第23話 帝国に行かされた

 少しすると動くのが止まった。


「どうやら着いたみたいだな。早く行ってこい」

『分かった。でも皆殺しするからね』

「ああ、構わない。兵はいないからな、好きにしろ」


 王様が格子の扉を開けた。……ある意味信頼されてるのかな?戦争かなんかは知らないけど、戦力が私だけって思い切りがいいのかどうなんだか。

 どうでもいいけど、この王様ってかなりの物好きだと思うんだよ。傍から見たら得体の知れない真っ黒なトカゲの私を捕まえて戦力として戦争に送るとか……。私だったら考えられないよ。


『じゃあ好きにするから。文句は言わないでね』


 私は、格子の外に出て人間達が群がっているところに向かう。

 適当に尻尾を使って近付いてくる人間達をぶっ飛ばす。

 そうだ!念のために送っておこう。能力を使って小さいトリを二匹作って片方を紫月の所に行くように指示を出して向かわせた。

 よし、さっさと終わらせるか。人間達に向かって攻撃しようとした瞬間、トリから声が聞こえてきた。


『色ちゃん、聞こえてる?聞こえていたら、今すぐ帰ってきて!』

『分かった。だけどちょっとやる事があるから、それが終わったらすぐに向かう!』

『了解!早めにね!』


 能力を使ってまとめて人間達を吸収してと。うん、終わった。じゃあ行きますか。

 私はドラゴンになって私達の家に向かって飛び立った。

 少しして到着してトカゲに戻る。何故かそこには沢山の人間と動物達がいた。


『紫月、着いたよ。それでなにがあったの?……ってなにこれ』

「色ちゃん、それがね……、魔王様が私達と手を組みたいらしくて来たんだって」

「その通りだ。そして私が魔王だ。お前が一つ国を消した奴か?」

『まあ、あれは事故に近いけどね。それがどうしたの、何か悪かった?』


 あれはあそこの人間達が悪い!グイスを殺しかけたのはまだ許してないからね。


「あれを事故と言うのか。そうだな、お前は悪くはない。あいつら人間が悪いな。だがお前を呼び出してくれた。やはり、面白いなお前」

『私ってそこまで面白いものなの?……まあ、良いよ手を組んでも』

「本当か!ならば、ともにこうして話し合おうではないか!お前の話は面白い。また聞きたいのでな。今度は私だけで来るとしよう。では、またな!」


 この世界の魔王は戦闘狂じゃなくて良かった。ここで戦いを挑まれても困るだけだしね。それにしても、話を聞きたいって不思議だなー。そんなに面白いの?

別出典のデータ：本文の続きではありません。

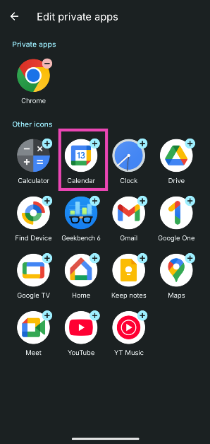 Βήμα 2:Χτυπήστε τοσυν εικονίδιοδίπλαΙδιωτικές εφαρμογέςΓια να μετακινήσετε εφαρμογές από το τηλέφωνό σας στον ιδιωτικό χώρο.
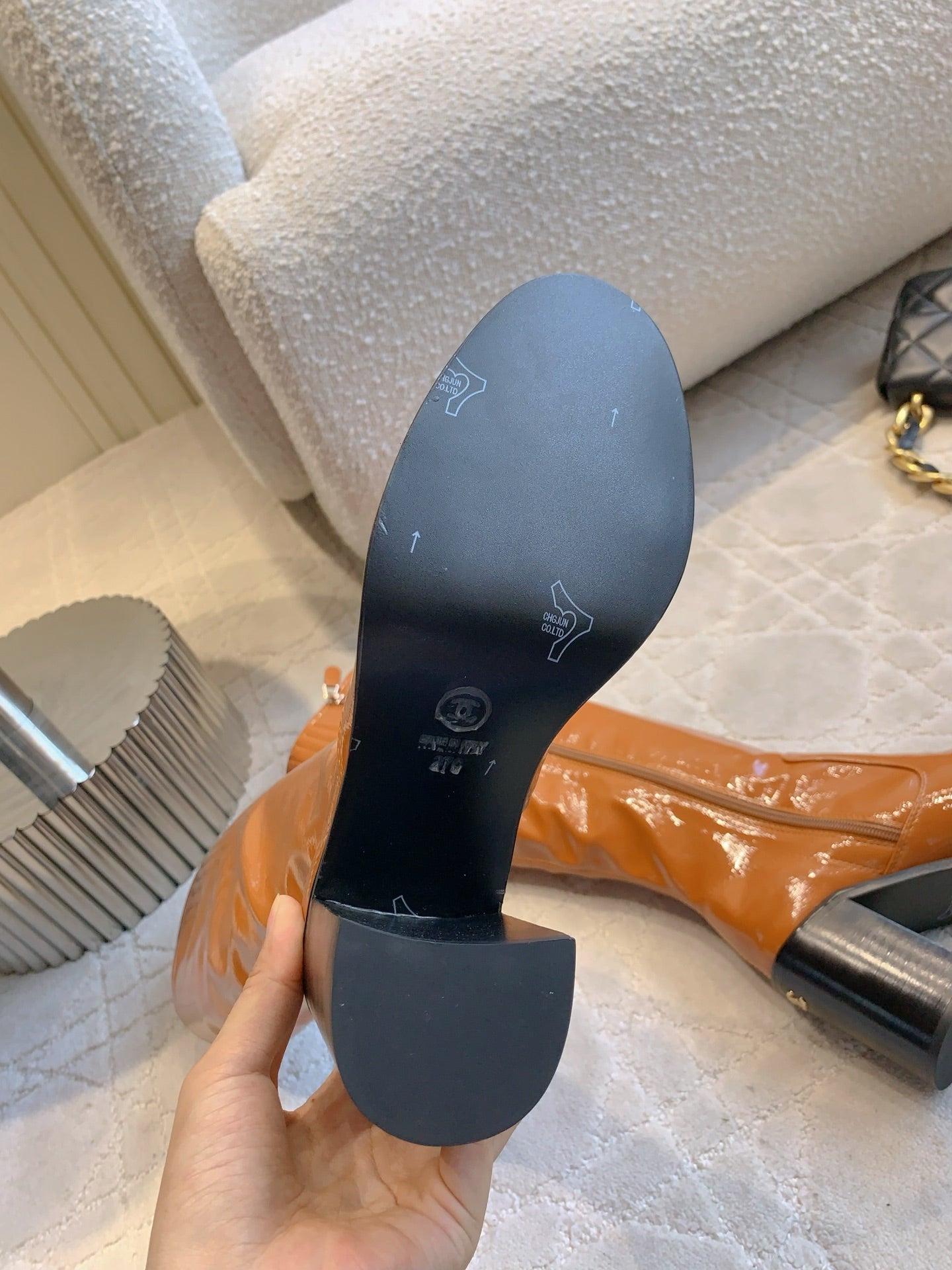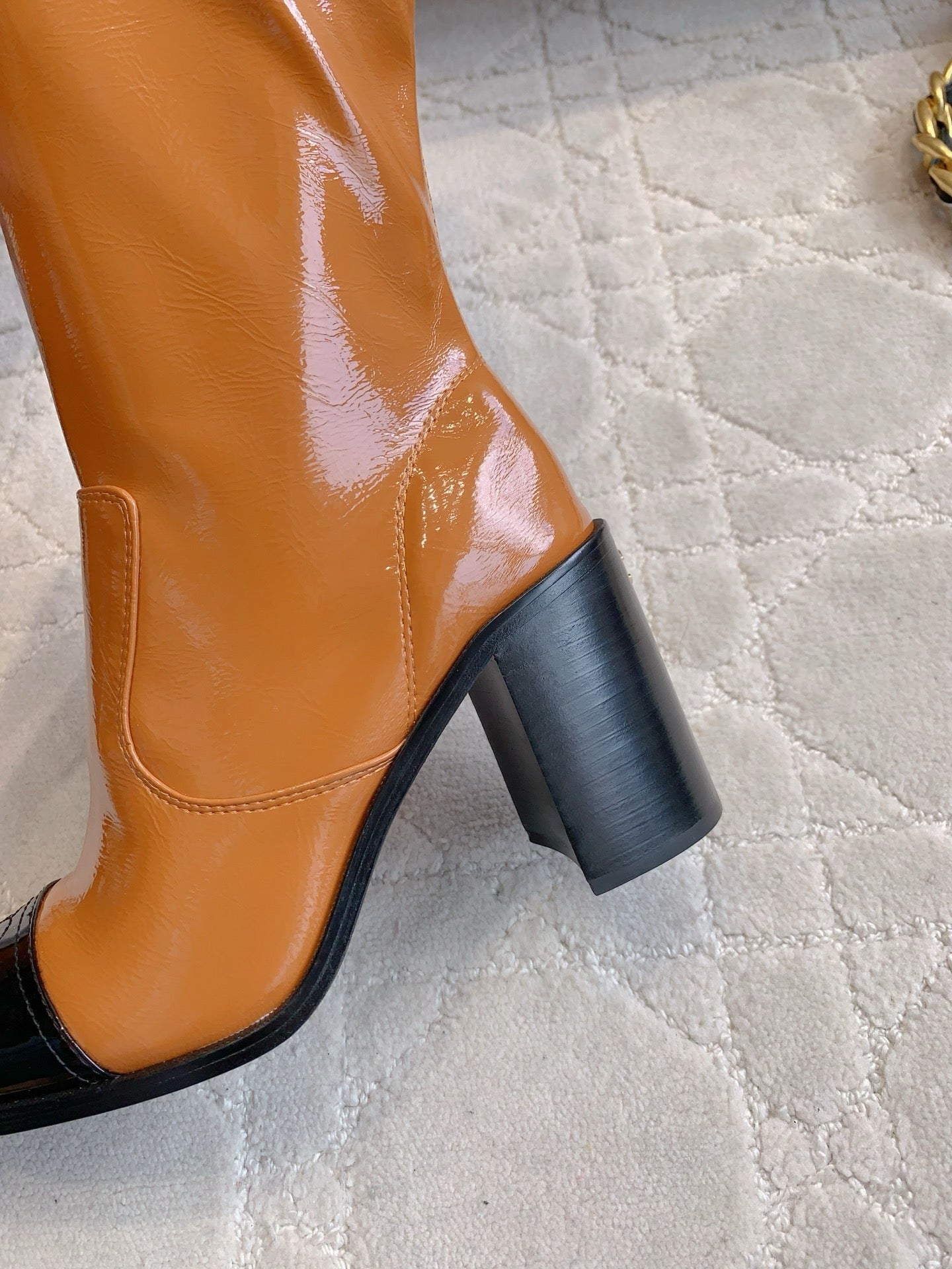 CC 25 Heeled Long Boot Caramel Brown mix Black Patent Leather 516682

 そんな事を思いながら魔王とその仲間達は歩いて帰っていったのを見送る。これで、一見落着と私は思っていたのだけれど……。


「……ねえ、色ちゃん。そういえば、さっきまでどこにいたの?ねえ?」


 ……大変だ。紫月が怒ってる。なんとかしないと……。


『……えーっと、どっかの、帝国?』

「なんで帝国なんかに行っていたの?王様が戦争しようとしていた国じゃん。そんなに危ない所に行ってなにしていたの?」

『王様が無理矢理、連れてきて、そこにいた人間、食べちゃった、です』


 あっ言い方間違えた。ヤバイ!また説教が始まってしまう……。


「はぁ。あいつ、色ちゃんに何食べさせているのかな……?」

「やっぱり、一回し……体験しないと分からないのかな?」


 なんかブツブツ紫月が言っている。やっぱり、怒られるよね……。仕方ない、素直に受け入れるしかない!


「色ちゃん、あいつ倒しに行こうか!」

『ごめん……ってえ?倒す?どういう事?』

「そんな事は気にしないで早く行くよ!」


 問答無用で手を引かれて歩き始める。全く、訳が分からないよ!


『……というかどこに行くの?』

「王様の所だけど?それがどうしたの?」

『なんで行くの?』

「なんでって言われても……。言ったじゃん倒しに行くって」


 そういえば、そんな事言ってたね。でも、いきなり王様を倒しに行くってどうなればそんな考え方になるの?不思議だねー。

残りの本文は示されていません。